Site information
- Type: Defence fort
- Condition: Destroyed

Location
- Ratnapura Portuguese fort Sri Lanka
- Coordinates: 6°41′27″N 80°22′46″E﻿ / ﻿6.690866°N 80.379547°E

Site history
- Built: 1618–1620
- Built by: Portuguese

= Ratnapura Portuguese fort =

Ratnapura Portuguese fort (රත්නපුර පෘතුගීසි බලකොටුව Rathnapura Pruthugisi Balakotuwa; இரத்தினபுரி போர்த்துக்கேயக் கோட்டை) was built by the Portuguese in Ratnapura, Sri Lanka.

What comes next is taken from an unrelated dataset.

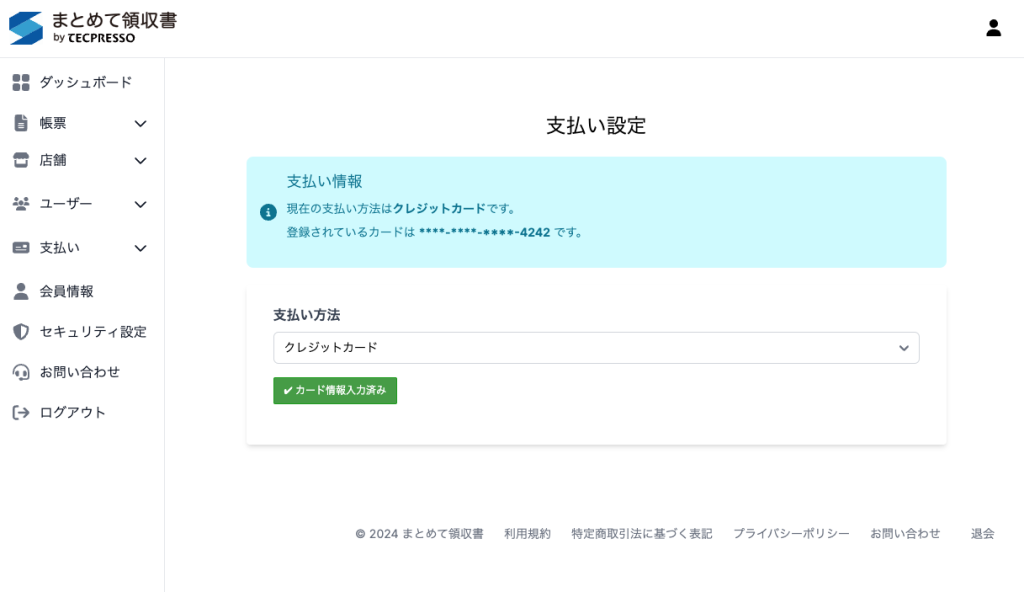 カードの登録が完了すると、ページ上部の支払い情報欄に現在のお支払い方法と登録されているカードの下4桁が表示されます。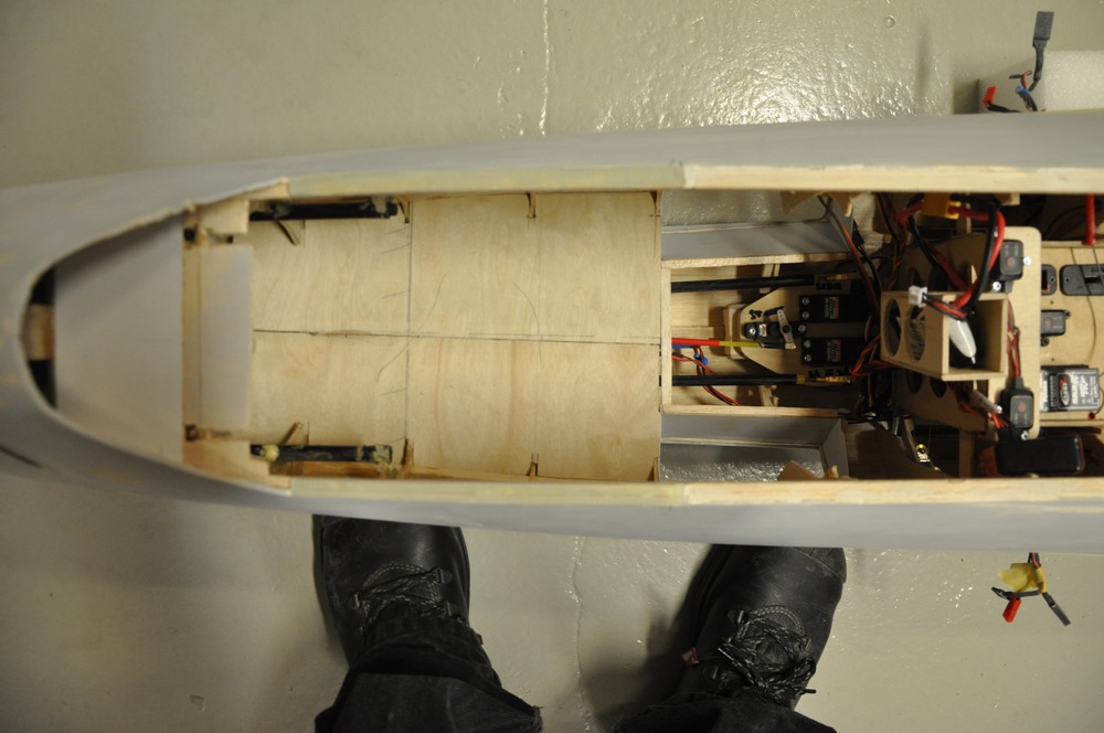 Nästa steg var att klä golvet med 0,25 mm tjock styreneplast från Evergreen. Det blir en slät och fin yta. Den delen av golvet som finns ovanför höjd- och sidorodernas servon är löstagbar så jag kan komma åt dessa servon.

The Portuguese constructed the fort and a church, between 1618 and 1620, on the ground of Saman Devalaya (an ancient devale or Hindu shrine) following the defeat of the King of Sitawaka, Rajasinha I. The town and the fort was later captured by Kirti Sri Raja Singha (the second Nayaka king of Kandy, who destroyed the church and the fort and constructed a Buddhist temple, Maha Saman Devalaya, on the site. In the temple grounds there is a stone sculpture, which depicts the Portuguese General Simao Pinnao, on horseback brandishing a sword, whilst trampling a Sinhalese soldier.